---- Supplied data
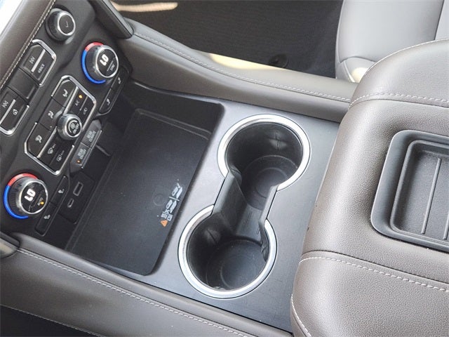 Gideon/Very Dark Atmosphere Leather, 10-Way Power Driver & Passenger Seat Adjusters, 1st & 2nd Row Color-Keyed Carpeted Floor Mats, 2nd Row Pwr Release 60/40 Split-Folding Bench Seat, 3rd Row 60/40 Power-Folding Split-Bench Seat, 3rd row seats: split-bench, 4-Wheel Disc Brakes, 9 Speakers, ABS brakes, Air Conditioning, Alloy wheels, AM/FM radio: SiriusXM with 360L, Apple CarPlay/Android Auto, Auto High-beam Headlights, Auto-Dimming Inside Rear-View Mirror, Auto-dimming Rear-View mirror, Automatic temperature control, Bose 9-Speaker Stereo Audio System Feature, Brake assist, Bright Front & Rear Door Sill Plates, Bumpers: body-color, Color-Keyed Carpeting Floor Covering, Compass, Delay-off headlights, Driver & Front Outboard Passenger Airbags, Driver Alert Package, Driver door bin, Driver vanity mirror, Dual front impact airbags, Dual front side impact airbags, Electronic Stability Control, Emergency communication system: OnStar and Chevrolet connected services capable, Enhanced Driver Information Center, Floor Console w/Storage Area, Four wheel independent suspension, Front anti-roll bar, Front Bucket Seats, Front Center Armrest, Front dual zone A/C, Front High-Back Reclining Bucket Seats, Front reading lights, Fully automatic headlights, Garage door transmitter, Hands-Free Rear Power Programmable Liftgate, HD Surround Vision, Heated 2nd Row Outboard Seats, Heated door mirrors, Heated Driver & Front Passenger Seats, Heated front seats, Heated Steering Wheel, Illuminated entry, Infotainment Display, Lane Change Alert w/Side Blind Zone Alert, Leather-Appointed Seat Trim, LED Daytime Running Lamps, License Plate Front Mounting Package, Low tire pressure warning, Luxury Package, Memory seat, Memory Settings, Memory Settings for Driver, Navigation System, Occupant sensing airbag, Outside Heated Power-Adjustable Mirrors, Outside temperature display, Overhead airbag, Overhead console, Panic alarm, Passenger door bin, Passenger vanity mirror, Power door mirrors, Power driver seat, Power Liftgate, Power passenger seat, Power steering, Power Tilt & Telescopic Steering Column, Power windows, Preferred Equipment Group 1LT, Premium audio system: Chevrolet Infotainment 3 Premium, Premium Smooth Ride Suspension, Radio: Chevrolet Infotainment 3 Premium System, Rain sensing wipers, Rear air conditioning, Rear anti-roll bar, Rear Cross Traffic Alert, Rear Pedestrian Alert, Rear reading lights, Rear seat center armrest, Rear window defroster, Rear window wiper, Remote keyless entry, Remote Start, Roof rack: rails only, Security system, Set of 4 Wheel Locks (LPO), SiriusXM Radio w/360L, Speed control, Speed-sensing steering, Split folding rear seat, Spoiler, Steering wheel mounted audio controls, Tachometer, Telescoping steering wheel, Tilt steering wheel, Traction control, Trip computer, Universal Home Remote, Variably intermittent wipers, Voltmeter, Wheels: 22 x 9 Polished Aluminum, Wireless Charging, Wrapped Steering Wheel.
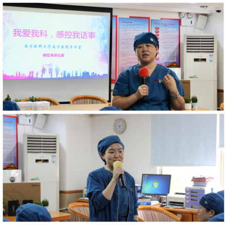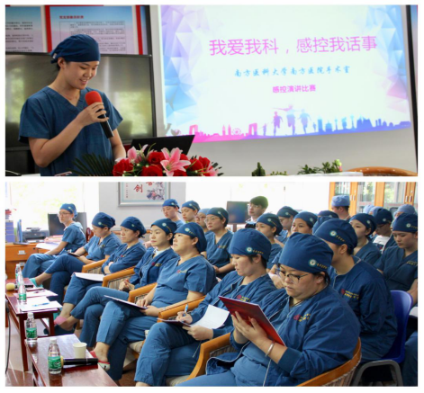 7月30日下午,南方医院麻醉科手术室开展“我爱手术室,感控我话事”主题演讲比赛在麻醉科手术室四楼会议室顺利举行。感控小组组长曾臻主持了演讲比赛,麻醉科张军花科护士长、手术室侯晓敏护士长、副主任护师钟奕、殷彬燕、卜文君、冯茜担任评委。
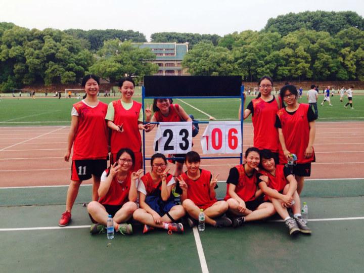 此次参赛人员涵盖了我系2011-2013级本科生2011-2013级以及2012级研究生。她们分别是2013级胡天琪,2012级王靖雯、翟羽佳、张男开慧、夏禺、陈如梦,2011级谢珊、曹梦婷、余梦伊,以及2012级研究生李凤翔。比赛前,参赛队员整装待发,积极热身;啦啦队成员也陆续到齐,赛场营造出昂扬冲击胜利的氛围。
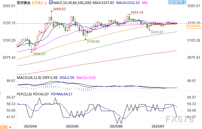 北京时间7月18日12:10 现货黄金 报 3335.91 美元/盎司
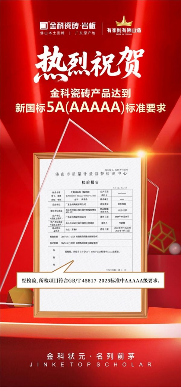 此次产品达到新国标5A标准要求,标志着金科瓷砖在高质量发展道路上迈出新的一步。未来,金科将继续以“品质为根、品牌为魂”,严格执行更高质量标准,专注5A标准瓷砖制造,为消费者提供优质产品,为行业高质量发展贡献力量。
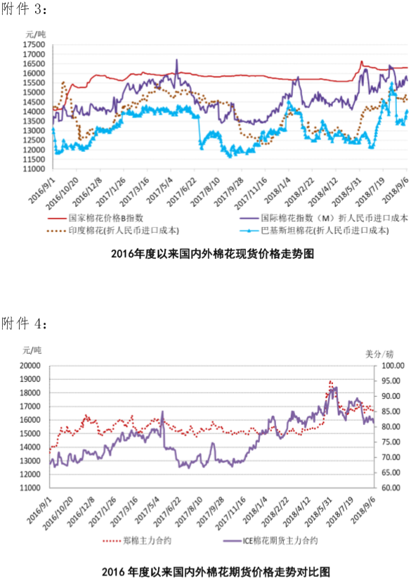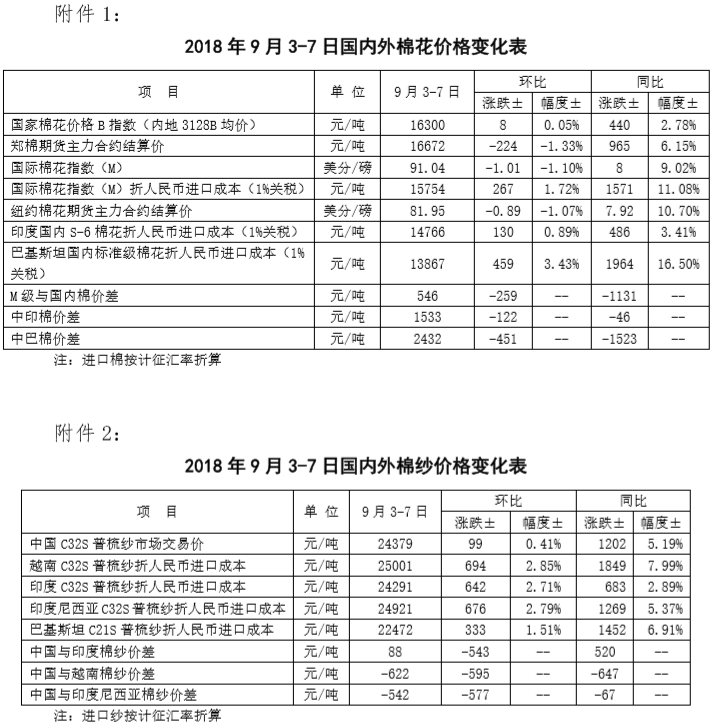 附件1:2018年9月3-7日國內(nèi)外棉花價格變化表
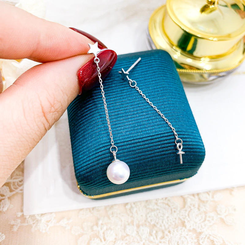 Aretes de Plata S925 con Soporte para Perlas DIY, Joyería con Forma de Estrella, para Perlas de 7-10mm, Aretes Colgantes de Moda 2023
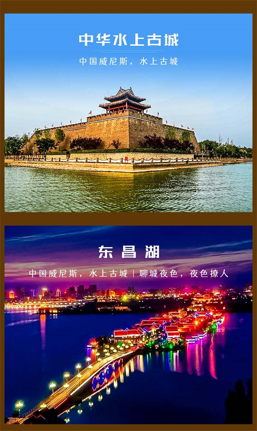 东昌湖与杭州西湖、南京玄武湖并称“全国三支市内名湖”,素有“南有西湖,北有东昌”之称,中华水上古城是一座飘在水上的千年古城,四周环水,大家可自由寻觅小吃、逛湖景、赏夜色,你也不防骑上脚踏车,来个环湖夜骑,更是一种享受。这里灯色夜秀异常美丽。
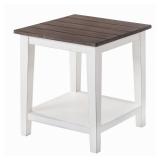 Simmons Casegoods Greige & White End Table Simmons Casegoods classic farmhouse end table featuring a tapered leg design, plank style top, and a functional storage shelf. Finished with a vintage brown color, and matte white painted base with rubbed edges.Vintage brown and matte white, slightly distressed finishes This item is NEW Please come Preview! No Refunds After Item Has left the Building. Verify the condition of your Item before you leave, Thanks. MSRP: $ 142
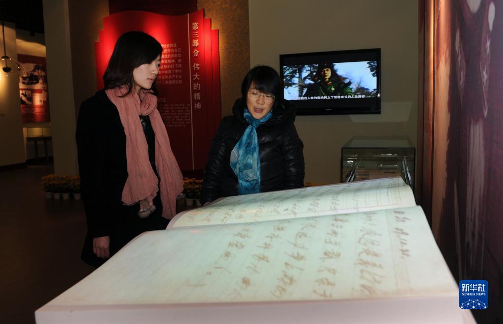 张璐琪(左)在湖南雷锋纪念馆里向母亲谭荒芳请教讲解技巧(2012年2月21日摄)。
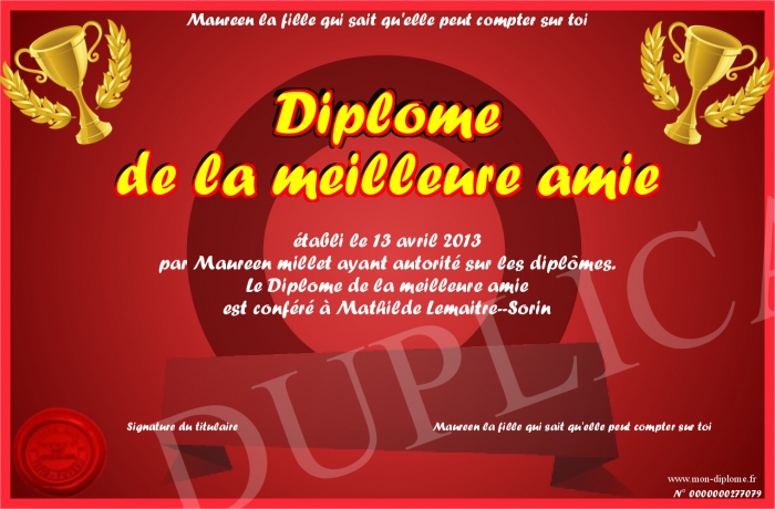 Envoyez par email votre Diplôme de la meilleure amie personalisé
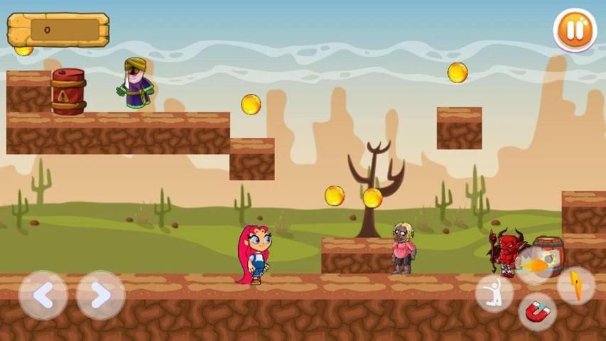 Help starfir avoid & get beast gifts bonuses chain challenge without any defeat, avaid ennemies fighter and zombiesfrom titan world monsters, jump, run lift many evil enemies and make sure protect your hero starfire from all zombie.
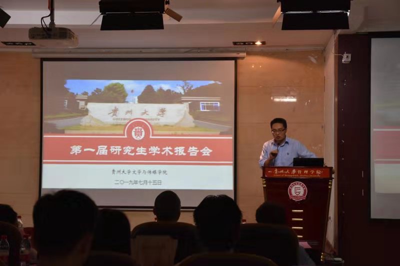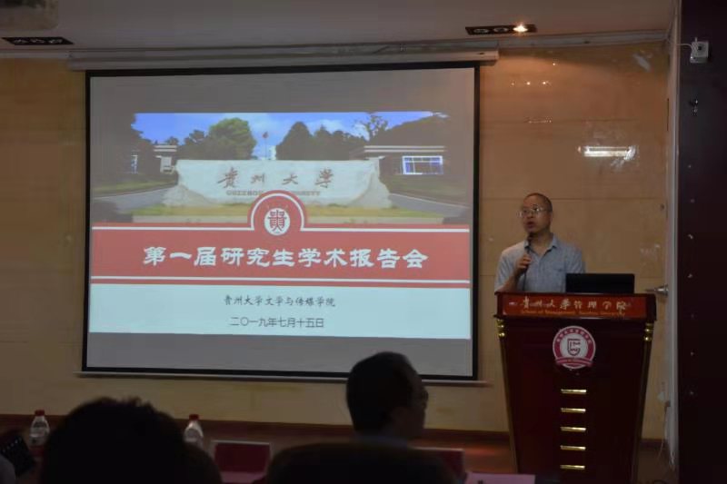 2019715上午9,贵州大学文学与传媒学院在管理学院报告厅举行第一届研究生学术报告会开幕式。文学与传媒学院党委书记李开学党委研究生工作部副部长张小彬,研究生院副院长杨瑞东,文学与传媒学院副院长谭德兴、副院长唐娟以及部分专家教授出席会议。
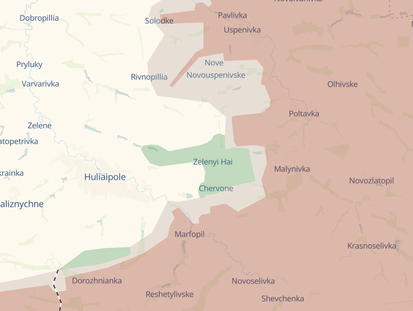 Deep State пишет, что это создает угрозу для Гуляйполя (российские позиции уже в 10 км от города), так как открывается новое оперативное направление с севера, что усложняет оборону позиций в Зеленом Гае и Высоком. Бои идут уже за Ровнополье, Сладкое и Яблоковое.
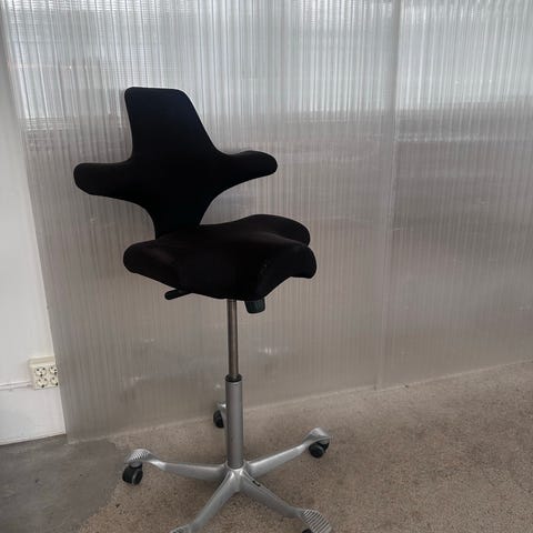 Säljer min Håg Capisco 8106 (svart läder). Inget fel på stolen, den är i fint skick. Den var bara inte rätt för mig. Inkluderar en extra liftomat (pistongen mellan hjulbasen och sätet) som är 265 mm lång, vilket är bra för långa personer eller för den som vill ha en "ståstol". Den liftomat som är monterad är 200 mm lång.
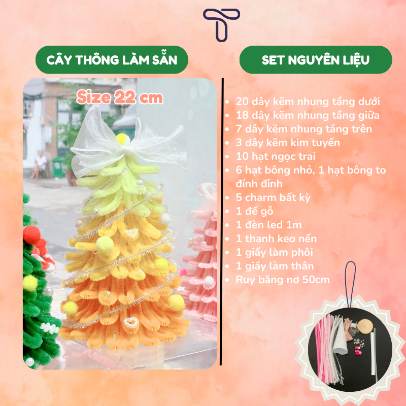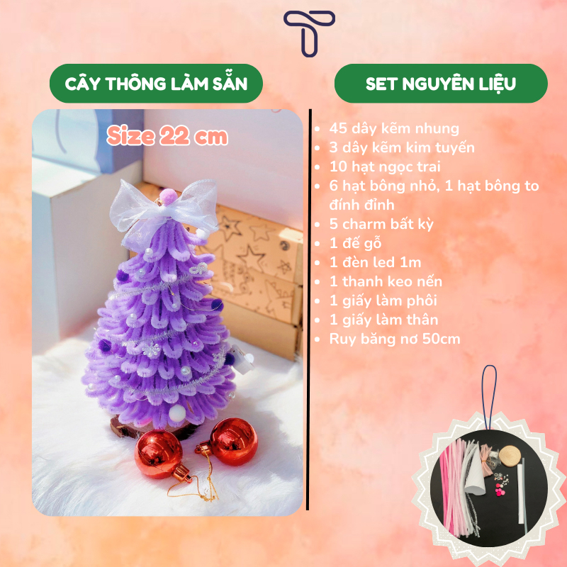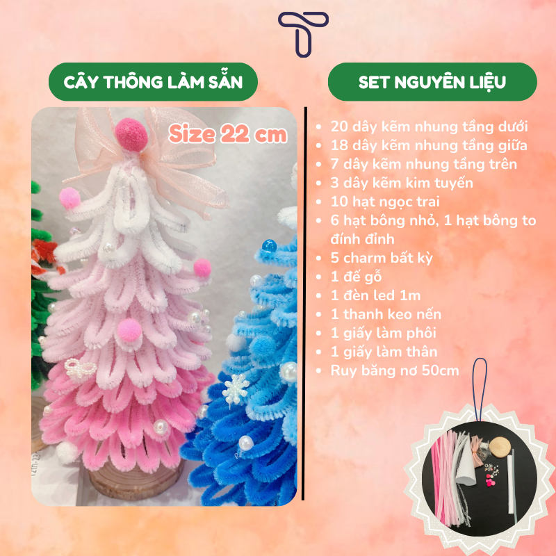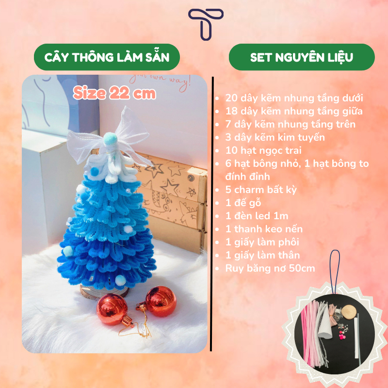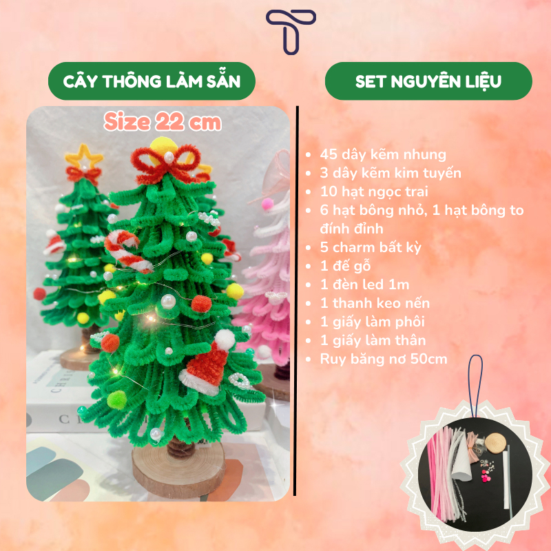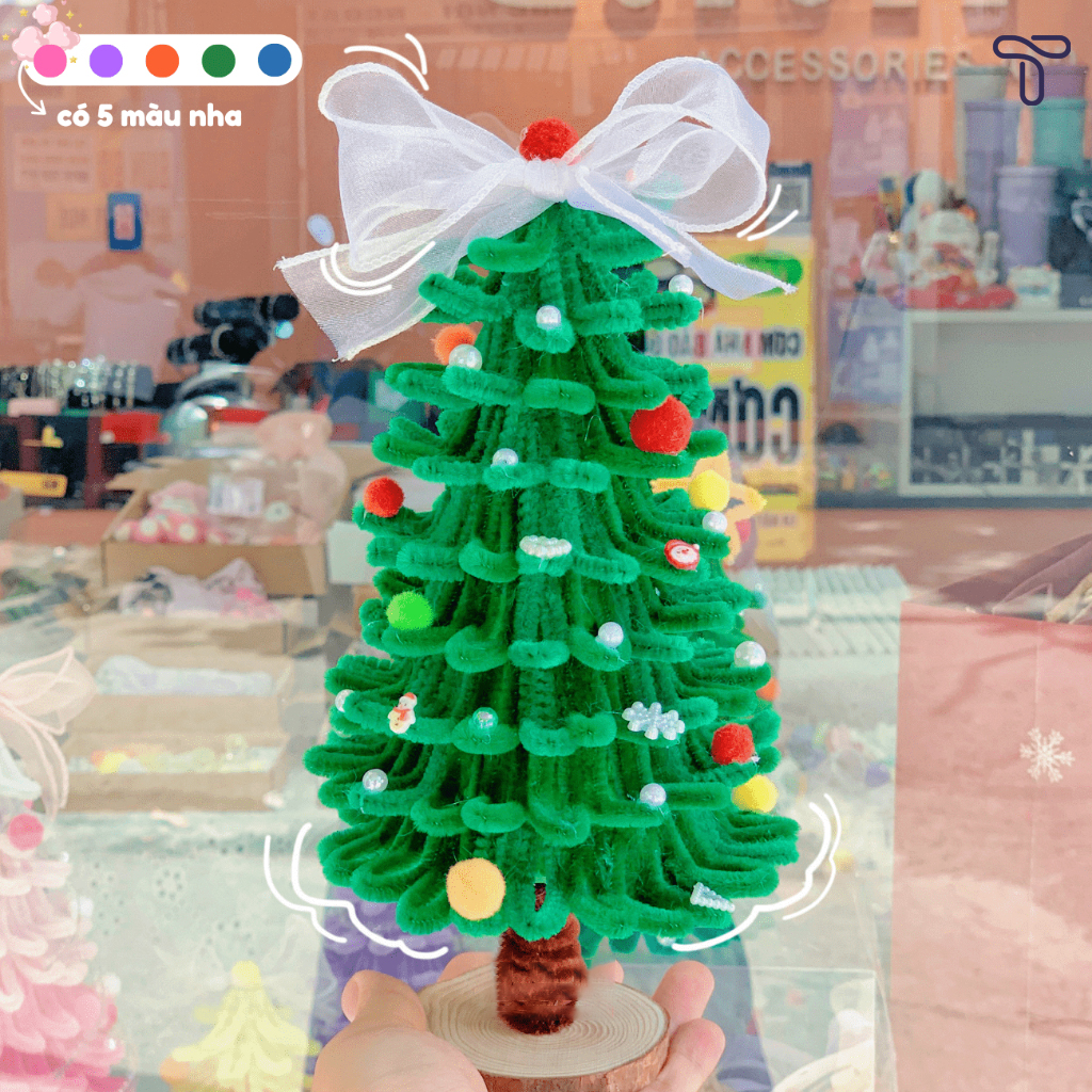 Set Nguyên Liệu Cây Thông Mini 22cm Handmade Làm Từ Kẽm Nhung
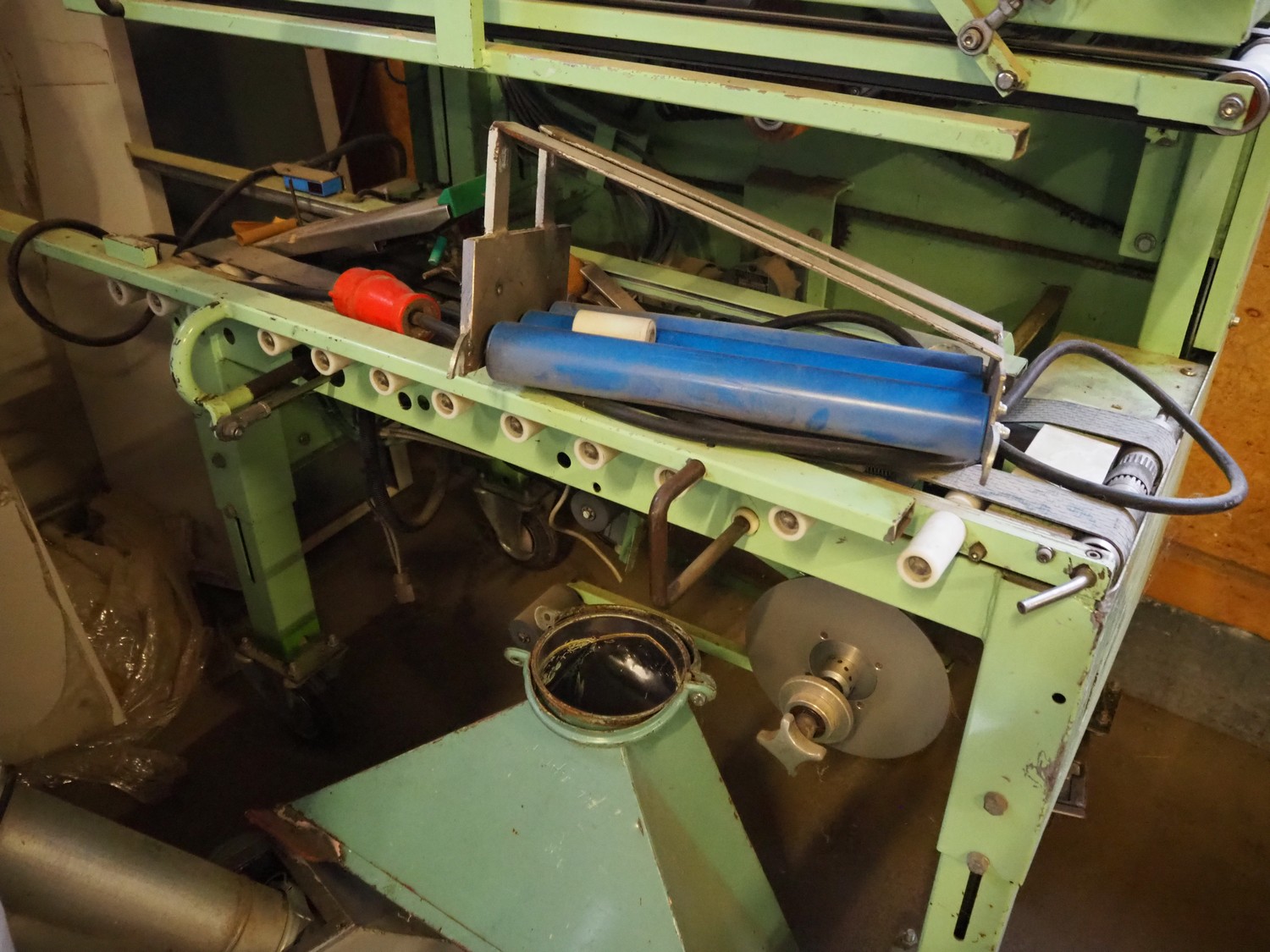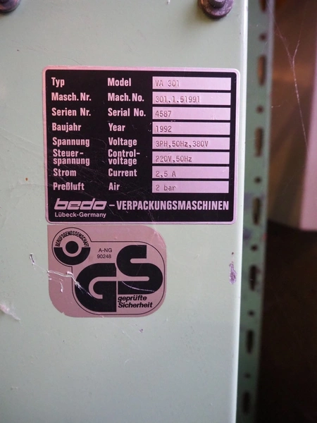 Bedo-Verpackungsmachinen box closing machine for parts, model: VA 301, serial number: 4587, year of construction: 1992, 380 V, 3 Ph, 50 Hz, 2.2 A, adjustable clearance, dimensions: 1550 mm x 800 mm x 1800 mm. Incomplete.
--------
## Problem to solve
Retype, exactly and only, the lines from the one containing "张璐琪(左)在湖南雷锋纪念馆" through the end of the entries, both ends included, and omit all pictures.

## Answer to this problem
 张璐琪(左)在湖南雷锋纪念馆里向母亲谭荒芳请教讲解技巧(2012年2月21日摄)。
 Envoyez par email votre Diplôme de la meilleure amie personalisé
 Help starfir avoid & get beast gifts bonuses chain challenge without any defeat, avaid ennemies fighter and zombiesfrom titan world monsters, jump, run lift many evil enemies and make sure protect your hero starfire from all zombie.
 2019715上午9,贵州大学文学与传媒学院在管理学院报告厅举行第一届研究生学术报告会开幕式。文学与传媒学院党委书记李开学党委研究生工作部副部长张小彬,研究生院副院长杨瑞东,文学与传媒学院副院长谭德兴、副院长唐娟以及部分专家教授出席会议。
 Deep State пишет, что это создает угрозу для Гуляйполя (российские позиции уже в 10 км от города), так как открывается новое оперативное направление с севера, что усложняет оборону позиций в Зеленом Гае и Высоком. Бои идут уже за Ровнополье, Сладкое и Яблоковое.
 Säljer min Håg Capisco 8106 (svart läder). Inget fel på stolen, den är i fint skick. Den var bara inte rätt för mig. Inkluderar en extra liftomat (pistongen mellan hjulbasen och sätet) som är 265 mm lång, vilket är bra för långa personer eller för den som vill ha en "ståstol". Den liftomat som är monterad är 200 mm lång.
 Set Nguyên Liệu Cây Thông Mini 22cm Handmade Làm Từ Kẽm Nhung
 Bedo-Verpackungsmachinen box closing machine for parts, model: VA 301, serial number: 4587, year of construction: 1992, 380 V, 3 Ph, 50 Hz, 2.2 A, adjustable clearance, dimensions: 1550 mm x 800 mm x 1800 mm. Incomplete.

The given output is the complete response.